---------- DATA SHOWN

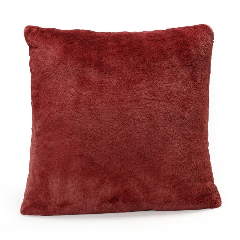 Cojín decorativo de 50 x 50 x 9 cm en color burdeos, con textura suave y acogedora tipo piel sintética. Ideal para sofás, camas o sillones, aporta elegancia y confort a cualquier espacio. Fabricado en poliéster de alta calidad, perfecto para decorar tu hogar con estilo y calidez.
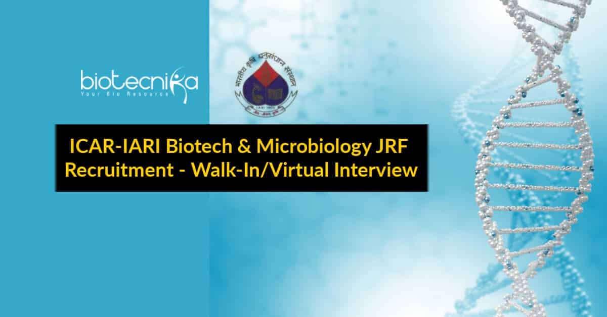 Editor’s Note: ICAR-IARI Biotech & Microbiology JRF Recruitment – Walk-In/Virtual Interview. Please make sure that you are subscribed to the Biotecnika Times Newsletter and our YouTube channel to be notified of all of the latest in the industry. Follow us on all of our social media like Twitter, Facebook and Instagram.
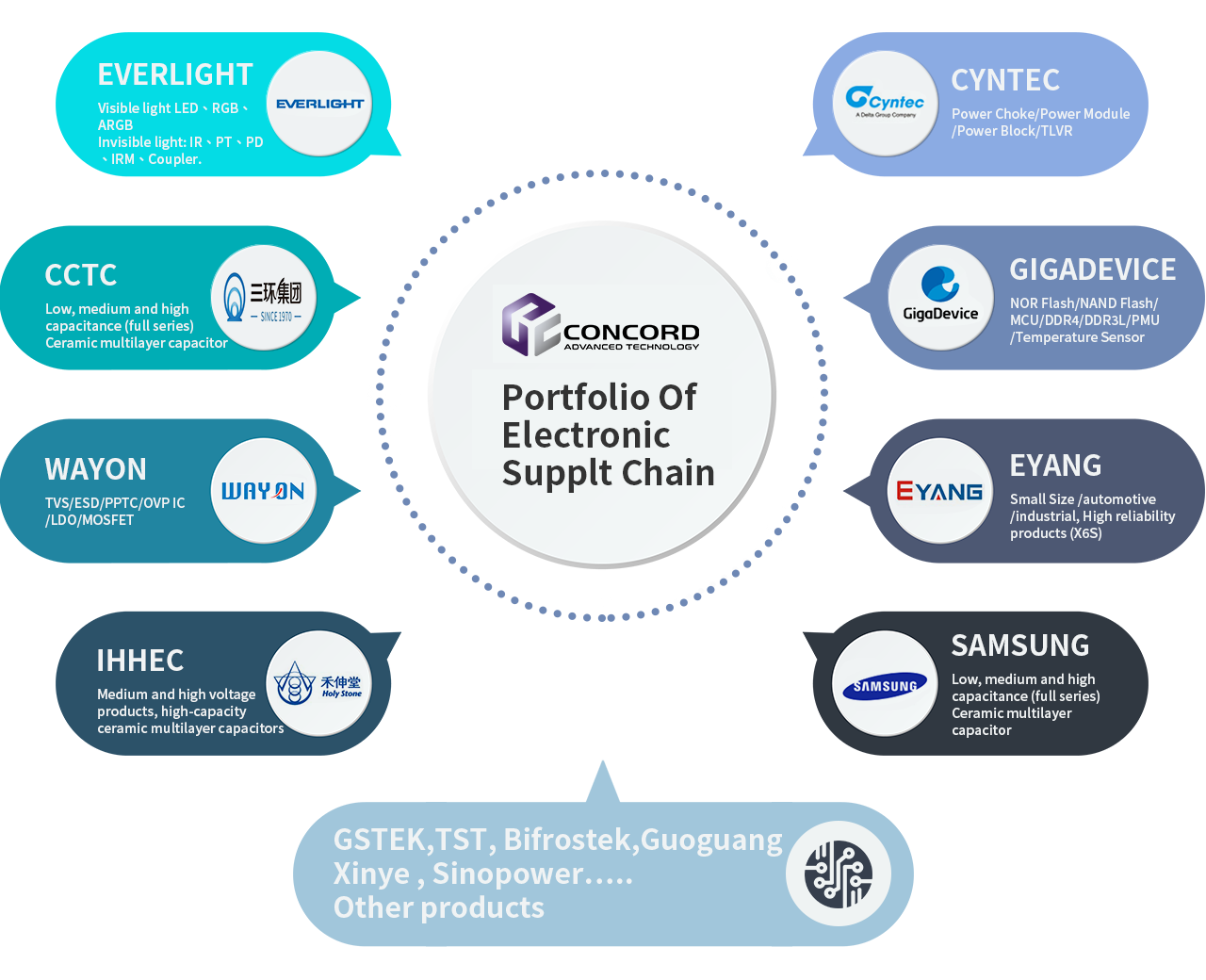 Concord Advanced Technology is headquartered in Zhonghe District, New Taipei City, Taiwan, with sales offices located in Shenzhen, Suzhou, and Singapore. We specialize in the distribution of both active and passive electronic components, offering a comprehensive portfolio of products from over 20 world-class manufacturers, including Cyntec, CCTC, GigaDevice, GStek, Everlight, Raytac BLE Module, Wayon, EYANG, IHHEC,Samsung(MLCC), Bifrostek and more. Our wide range of products caters to various industries including 3C, IoT, industrial electronics, automotive electronics, and medical devices, offering customers seamless and integrated electronic component solutions.
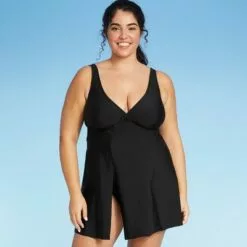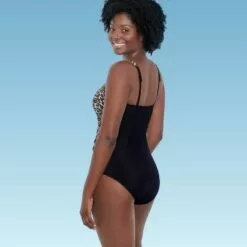 Women’s Slimming Control Shirred Square Neck One Piece Swimsuit – Dreamsuit by Miracle Brands Black
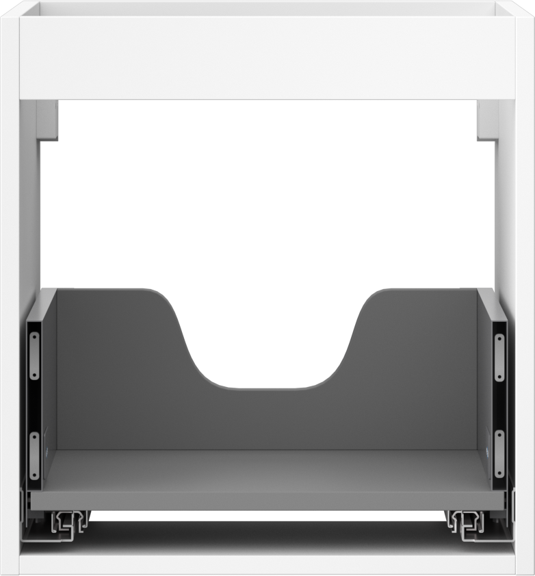 El corte en el cajón está diseñado de tal manera que pueda alojar el sifón, que es necesario en las instalaciones de lavabos. Gracias a esto, el mueble puede ser montado de manera completamente funcional, sin la necesidad de renunciar al espacio en el cajón en favor de la instalación.
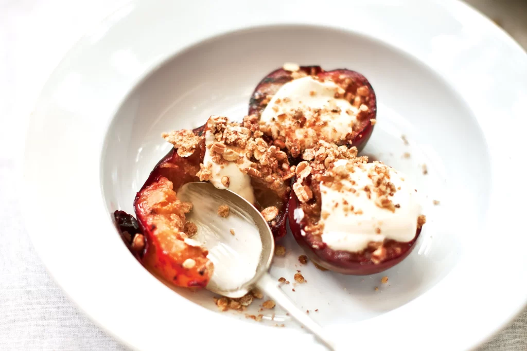 A rustic plum crumble is the ultimate easy dessert. Toss sliced plums with a little sugar and lemon juice, then top with a simple oat and almond flour crumble. Bake until golden and bubbling. Serve with coconut whipped cream or non-dairy ice cream for a delicious plant-based indulgence that’s perfect for family dinners or cozy nights in.
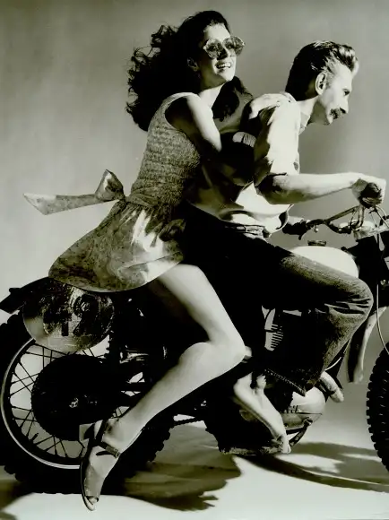 Foto Arwa Lady Charming kini, Frau und Mann auf einem Motorrad, Reklame

--------------------

● **EXERCISE GOAL**: Copy nothing outside the span: please output the lines from the one with "A rustic plum" through the end of the entries above, and skip the pictures.

● **WRITTEN SOLUTION**:
 A rustic plum crumble is the ultimate easy dessert. Toss sliced plums with a little sugar and lemon juice, then top with a simple oat and almond flour crumble. Bake until golden and bubbling. Serve with coconut whipped cream or non-dairy ice cream for a delicious plant-based indulgence that’s perfect for family dinners or cozy nights in.
 Foto Arwa Lady Charming kini, Frau und Mann auf einem Motorrad, Reklame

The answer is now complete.